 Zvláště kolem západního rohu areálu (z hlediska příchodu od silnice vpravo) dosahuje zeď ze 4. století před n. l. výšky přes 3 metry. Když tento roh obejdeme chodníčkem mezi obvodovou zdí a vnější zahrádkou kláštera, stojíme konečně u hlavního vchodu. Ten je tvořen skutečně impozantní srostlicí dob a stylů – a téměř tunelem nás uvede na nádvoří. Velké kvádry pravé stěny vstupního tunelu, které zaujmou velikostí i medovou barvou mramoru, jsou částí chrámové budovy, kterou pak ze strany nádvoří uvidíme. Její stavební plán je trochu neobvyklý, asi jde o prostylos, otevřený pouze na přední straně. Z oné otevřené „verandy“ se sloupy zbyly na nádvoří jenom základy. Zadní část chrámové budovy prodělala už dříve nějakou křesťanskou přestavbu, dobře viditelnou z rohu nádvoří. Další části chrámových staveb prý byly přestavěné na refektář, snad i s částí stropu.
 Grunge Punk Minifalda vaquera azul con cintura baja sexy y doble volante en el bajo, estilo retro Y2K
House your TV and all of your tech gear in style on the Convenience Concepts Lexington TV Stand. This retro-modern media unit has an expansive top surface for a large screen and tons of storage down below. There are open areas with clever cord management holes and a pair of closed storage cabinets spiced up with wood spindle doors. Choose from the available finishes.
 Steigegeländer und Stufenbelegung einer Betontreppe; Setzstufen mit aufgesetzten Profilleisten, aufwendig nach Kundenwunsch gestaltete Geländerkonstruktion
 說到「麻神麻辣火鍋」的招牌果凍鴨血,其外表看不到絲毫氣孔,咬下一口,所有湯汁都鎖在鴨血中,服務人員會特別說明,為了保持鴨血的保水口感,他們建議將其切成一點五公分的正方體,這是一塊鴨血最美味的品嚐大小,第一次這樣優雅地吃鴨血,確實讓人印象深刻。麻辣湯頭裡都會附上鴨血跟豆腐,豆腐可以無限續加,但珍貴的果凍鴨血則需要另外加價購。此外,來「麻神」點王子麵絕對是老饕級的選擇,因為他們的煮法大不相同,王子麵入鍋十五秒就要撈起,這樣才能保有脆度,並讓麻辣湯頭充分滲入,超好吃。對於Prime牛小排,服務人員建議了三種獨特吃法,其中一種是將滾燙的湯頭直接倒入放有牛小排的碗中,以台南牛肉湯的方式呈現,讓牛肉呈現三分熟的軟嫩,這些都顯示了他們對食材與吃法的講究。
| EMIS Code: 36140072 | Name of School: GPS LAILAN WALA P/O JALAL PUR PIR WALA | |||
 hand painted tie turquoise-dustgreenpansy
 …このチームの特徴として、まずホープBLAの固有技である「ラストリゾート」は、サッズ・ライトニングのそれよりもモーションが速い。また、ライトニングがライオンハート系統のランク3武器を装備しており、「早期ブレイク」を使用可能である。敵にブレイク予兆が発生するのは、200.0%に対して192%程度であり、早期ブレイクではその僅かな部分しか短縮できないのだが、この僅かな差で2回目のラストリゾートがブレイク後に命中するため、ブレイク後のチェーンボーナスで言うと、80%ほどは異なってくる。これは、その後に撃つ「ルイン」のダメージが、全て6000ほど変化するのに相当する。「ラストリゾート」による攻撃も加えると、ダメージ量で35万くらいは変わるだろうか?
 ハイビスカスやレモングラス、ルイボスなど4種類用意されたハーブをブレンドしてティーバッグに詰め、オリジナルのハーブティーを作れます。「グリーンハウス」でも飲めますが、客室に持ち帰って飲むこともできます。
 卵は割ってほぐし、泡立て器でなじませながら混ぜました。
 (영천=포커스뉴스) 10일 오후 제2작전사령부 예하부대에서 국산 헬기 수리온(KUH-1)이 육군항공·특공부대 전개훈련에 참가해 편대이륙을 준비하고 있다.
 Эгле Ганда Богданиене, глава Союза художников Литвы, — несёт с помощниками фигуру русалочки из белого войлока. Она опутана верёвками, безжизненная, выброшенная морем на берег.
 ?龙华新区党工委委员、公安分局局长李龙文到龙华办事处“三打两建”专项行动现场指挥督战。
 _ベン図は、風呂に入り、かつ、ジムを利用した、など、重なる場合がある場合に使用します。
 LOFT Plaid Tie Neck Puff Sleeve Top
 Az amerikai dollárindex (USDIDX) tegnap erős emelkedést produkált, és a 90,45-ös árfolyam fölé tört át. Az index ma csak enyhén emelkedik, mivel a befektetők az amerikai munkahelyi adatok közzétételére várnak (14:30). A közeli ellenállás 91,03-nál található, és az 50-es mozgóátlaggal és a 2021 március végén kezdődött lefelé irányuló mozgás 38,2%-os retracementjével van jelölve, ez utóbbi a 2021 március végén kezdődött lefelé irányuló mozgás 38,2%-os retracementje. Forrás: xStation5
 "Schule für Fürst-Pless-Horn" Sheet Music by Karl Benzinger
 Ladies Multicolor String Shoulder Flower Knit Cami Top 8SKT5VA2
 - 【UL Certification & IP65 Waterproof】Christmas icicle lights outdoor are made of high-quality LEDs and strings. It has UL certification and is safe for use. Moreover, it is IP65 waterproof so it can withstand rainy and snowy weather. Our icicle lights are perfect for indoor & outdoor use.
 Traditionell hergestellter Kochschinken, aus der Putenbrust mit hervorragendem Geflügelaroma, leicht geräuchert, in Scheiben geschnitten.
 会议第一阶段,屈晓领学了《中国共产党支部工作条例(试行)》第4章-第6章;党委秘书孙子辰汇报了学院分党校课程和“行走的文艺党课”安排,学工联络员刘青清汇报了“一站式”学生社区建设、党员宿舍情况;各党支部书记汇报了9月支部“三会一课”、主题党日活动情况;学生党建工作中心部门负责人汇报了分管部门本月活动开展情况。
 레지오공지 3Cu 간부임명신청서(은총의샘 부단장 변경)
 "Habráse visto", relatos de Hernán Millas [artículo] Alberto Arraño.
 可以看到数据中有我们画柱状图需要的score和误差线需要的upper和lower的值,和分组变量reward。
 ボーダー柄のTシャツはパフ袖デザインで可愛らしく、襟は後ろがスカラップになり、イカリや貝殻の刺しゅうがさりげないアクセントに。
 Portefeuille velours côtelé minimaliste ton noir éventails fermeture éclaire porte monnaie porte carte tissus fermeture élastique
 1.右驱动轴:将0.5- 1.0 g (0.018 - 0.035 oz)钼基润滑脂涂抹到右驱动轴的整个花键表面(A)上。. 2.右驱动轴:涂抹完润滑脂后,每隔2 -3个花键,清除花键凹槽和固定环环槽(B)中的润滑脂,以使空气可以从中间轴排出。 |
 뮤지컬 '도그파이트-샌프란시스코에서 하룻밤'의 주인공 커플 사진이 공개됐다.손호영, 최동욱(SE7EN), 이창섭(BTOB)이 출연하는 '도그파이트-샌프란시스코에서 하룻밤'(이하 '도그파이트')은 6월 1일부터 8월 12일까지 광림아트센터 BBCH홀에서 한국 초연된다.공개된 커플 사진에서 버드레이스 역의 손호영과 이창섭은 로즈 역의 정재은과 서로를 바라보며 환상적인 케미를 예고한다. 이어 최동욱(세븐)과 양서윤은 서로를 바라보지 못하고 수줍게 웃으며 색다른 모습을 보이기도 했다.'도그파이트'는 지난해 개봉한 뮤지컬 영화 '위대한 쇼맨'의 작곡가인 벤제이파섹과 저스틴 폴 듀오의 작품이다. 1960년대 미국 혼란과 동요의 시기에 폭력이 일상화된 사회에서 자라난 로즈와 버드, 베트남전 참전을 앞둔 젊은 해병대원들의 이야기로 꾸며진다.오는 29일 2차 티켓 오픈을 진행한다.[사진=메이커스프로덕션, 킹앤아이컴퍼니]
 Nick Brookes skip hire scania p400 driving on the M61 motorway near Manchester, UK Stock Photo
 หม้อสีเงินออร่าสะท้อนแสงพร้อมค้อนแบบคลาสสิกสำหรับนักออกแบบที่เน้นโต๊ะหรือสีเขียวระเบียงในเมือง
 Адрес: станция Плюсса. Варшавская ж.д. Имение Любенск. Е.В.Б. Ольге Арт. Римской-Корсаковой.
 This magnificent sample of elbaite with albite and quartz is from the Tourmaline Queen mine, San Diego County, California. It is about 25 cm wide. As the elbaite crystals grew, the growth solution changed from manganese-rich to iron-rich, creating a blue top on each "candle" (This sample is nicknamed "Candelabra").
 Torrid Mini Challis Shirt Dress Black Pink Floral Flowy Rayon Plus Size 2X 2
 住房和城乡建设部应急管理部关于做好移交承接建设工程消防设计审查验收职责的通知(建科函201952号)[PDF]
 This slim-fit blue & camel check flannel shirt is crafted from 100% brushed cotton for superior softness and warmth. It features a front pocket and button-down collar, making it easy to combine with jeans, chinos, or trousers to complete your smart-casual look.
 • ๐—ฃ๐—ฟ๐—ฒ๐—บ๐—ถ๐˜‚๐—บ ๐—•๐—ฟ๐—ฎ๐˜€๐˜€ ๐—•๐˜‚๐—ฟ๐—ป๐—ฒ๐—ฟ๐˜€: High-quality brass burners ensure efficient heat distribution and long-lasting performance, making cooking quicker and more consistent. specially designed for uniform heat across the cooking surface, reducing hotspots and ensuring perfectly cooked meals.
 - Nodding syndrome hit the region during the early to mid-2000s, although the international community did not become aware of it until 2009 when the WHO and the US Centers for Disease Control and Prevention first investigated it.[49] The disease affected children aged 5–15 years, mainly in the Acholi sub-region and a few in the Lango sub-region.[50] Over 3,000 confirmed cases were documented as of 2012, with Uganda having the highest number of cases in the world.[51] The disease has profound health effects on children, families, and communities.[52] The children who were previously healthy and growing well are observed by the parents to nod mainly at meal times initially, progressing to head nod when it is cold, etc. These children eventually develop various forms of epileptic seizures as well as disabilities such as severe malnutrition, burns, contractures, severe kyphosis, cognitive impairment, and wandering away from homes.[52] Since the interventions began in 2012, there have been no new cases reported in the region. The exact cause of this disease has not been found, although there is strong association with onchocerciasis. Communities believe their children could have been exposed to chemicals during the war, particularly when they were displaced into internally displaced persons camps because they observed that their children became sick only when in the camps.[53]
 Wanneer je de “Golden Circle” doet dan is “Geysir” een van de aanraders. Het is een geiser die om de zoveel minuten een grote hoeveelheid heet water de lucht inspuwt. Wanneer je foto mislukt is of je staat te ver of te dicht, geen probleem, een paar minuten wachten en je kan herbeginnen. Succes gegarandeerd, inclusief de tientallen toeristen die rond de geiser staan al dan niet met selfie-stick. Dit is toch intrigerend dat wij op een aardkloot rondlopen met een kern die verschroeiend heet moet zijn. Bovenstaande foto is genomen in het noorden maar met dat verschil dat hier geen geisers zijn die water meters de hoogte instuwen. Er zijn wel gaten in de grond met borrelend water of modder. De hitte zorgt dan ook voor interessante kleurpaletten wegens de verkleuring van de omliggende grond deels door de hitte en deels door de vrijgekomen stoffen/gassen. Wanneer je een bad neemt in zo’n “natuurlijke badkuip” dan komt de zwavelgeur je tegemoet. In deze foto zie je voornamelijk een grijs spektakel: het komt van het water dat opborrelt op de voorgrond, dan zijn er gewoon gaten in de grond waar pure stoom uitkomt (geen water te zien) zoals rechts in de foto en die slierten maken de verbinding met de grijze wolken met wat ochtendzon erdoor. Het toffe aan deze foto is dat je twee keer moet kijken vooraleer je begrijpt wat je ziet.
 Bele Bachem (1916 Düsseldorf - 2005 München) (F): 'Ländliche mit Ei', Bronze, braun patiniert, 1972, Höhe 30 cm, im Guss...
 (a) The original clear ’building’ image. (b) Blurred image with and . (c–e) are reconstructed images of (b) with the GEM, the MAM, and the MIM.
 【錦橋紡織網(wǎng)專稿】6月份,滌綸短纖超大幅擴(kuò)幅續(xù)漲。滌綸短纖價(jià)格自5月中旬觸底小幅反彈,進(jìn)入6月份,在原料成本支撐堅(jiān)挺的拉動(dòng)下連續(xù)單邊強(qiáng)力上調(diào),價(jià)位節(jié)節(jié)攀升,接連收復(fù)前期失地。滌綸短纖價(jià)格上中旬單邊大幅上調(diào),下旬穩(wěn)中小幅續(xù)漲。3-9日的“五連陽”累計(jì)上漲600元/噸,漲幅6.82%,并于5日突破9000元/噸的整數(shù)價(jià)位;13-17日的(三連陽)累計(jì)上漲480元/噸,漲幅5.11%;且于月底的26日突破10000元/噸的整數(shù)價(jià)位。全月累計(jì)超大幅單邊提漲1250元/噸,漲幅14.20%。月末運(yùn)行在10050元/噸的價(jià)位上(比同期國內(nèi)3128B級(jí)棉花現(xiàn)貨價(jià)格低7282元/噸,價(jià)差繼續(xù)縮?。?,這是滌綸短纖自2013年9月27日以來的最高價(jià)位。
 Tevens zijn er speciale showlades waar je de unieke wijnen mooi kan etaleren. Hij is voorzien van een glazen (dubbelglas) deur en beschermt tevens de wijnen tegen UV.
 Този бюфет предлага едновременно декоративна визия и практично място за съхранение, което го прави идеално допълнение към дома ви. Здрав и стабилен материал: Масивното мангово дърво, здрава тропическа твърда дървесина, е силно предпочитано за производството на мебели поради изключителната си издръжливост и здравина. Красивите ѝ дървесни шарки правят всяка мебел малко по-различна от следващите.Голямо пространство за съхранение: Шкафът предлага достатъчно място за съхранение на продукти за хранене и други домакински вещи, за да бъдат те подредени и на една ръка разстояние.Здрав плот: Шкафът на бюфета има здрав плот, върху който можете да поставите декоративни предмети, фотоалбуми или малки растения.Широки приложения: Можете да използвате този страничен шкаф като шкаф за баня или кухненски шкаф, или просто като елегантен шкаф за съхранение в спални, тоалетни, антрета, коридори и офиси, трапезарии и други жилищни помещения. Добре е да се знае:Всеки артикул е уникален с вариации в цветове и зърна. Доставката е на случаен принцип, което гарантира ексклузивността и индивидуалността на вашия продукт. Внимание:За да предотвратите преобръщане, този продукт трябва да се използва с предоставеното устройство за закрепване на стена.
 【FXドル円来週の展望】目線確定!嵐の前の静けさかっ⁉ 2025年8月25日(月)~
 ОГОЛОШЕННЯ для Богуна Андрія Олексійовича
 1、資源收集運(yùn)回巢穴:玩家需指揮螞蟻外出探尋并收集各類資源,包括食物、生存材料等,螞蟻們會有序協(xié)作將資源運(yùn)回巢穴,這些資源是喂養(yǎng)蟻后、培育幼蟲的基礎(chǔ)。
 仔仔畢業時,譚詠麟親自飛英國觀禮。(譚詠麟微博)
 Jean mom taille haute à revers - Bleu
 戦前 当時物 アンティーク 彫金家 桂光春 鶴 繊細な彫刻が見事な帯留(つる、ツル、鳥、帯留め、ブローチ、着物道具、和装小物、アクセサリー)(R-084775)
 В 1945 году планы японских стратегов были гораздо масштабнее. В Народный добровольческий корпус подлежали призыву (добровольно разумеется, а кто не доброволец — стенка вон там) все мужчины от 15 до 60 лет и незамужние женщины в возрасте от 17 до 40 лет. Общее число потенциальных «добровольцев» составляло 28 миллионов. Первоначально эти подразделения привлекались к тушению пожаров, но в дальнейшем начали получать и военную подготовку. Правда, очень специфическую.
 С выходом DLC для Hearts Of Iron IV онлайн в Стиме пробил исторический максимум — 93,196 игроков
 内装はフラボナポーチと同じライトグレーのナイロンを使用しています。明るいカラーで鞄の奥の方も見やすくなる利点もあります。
_ _ _ _
* Problem to work on *
Print the lines above from the one with "Bele Bachem (1916" through the one with "Tevens zijn er", both included, exactly as written and nothing more.

* Exercise response *
 Bele Bachem (1916 Düsseldorf - 2005 München) (F): 'Ländliche mit Ei', Bronze, braun patiniert, 1972, Höhe 30 cm, im Guss...
 (a) The original clear ’building’ image. (b) Blurred image with and . (c–e) are reconstructed images of (b) with the GEM, the MAM, and the MIM.
 【錦橋紡織網(wǎng)專稿】6月份,滌綸短纖超大幅擴(kuò)幅續(xù)漲。滌綸短纖價(jià)格自5月中旬觸底小幅反彈,進(jìn)入6月份,在原料成本支撐堅(jiān)挺的拉動(dòng)下連續(xù)單邊強(qiáng)力上調(diào),價(jià)位節(jié)節(jié)攀升,接連收復(fù)前期失地。滌綸短纖價(jià)格上中旬單邊大幅上調(diào),下旬穩(wěn)中小幅續(xù)漲。3-9日的“五連陽”累計(jì)上漲600元/噸,漲幅6.82%,并于5日突破9000元/噸的整數(shù)價(jià)位;13-17日的(三連陽)累計(jì)上漲480元/噸,漲幅5.11%;且于月底的26日突破10000元/噸的整數(shù)價(jià)位。全月累計(jì)超大幅單邊提漲1250元/噸,漲幅14.20%。月末運(yùn)行在10050元/噸的價(jià)位上(比同期國內(nèi)3128B級(jí)棉花現(xiàn)貨價(jià)格低7282元/噸,價(jià)差繼續(xù)縮?。?,這是滌綸短纖自2013年9月27日以來的最高價(jià)位。
 Tevens zijn er speciale showlades waar je de unieke wijnen mooi kan etaleren. Hij is voorzien van een glazen (dubbelglas) deur en beschermt tevens de wijnen tegen UV.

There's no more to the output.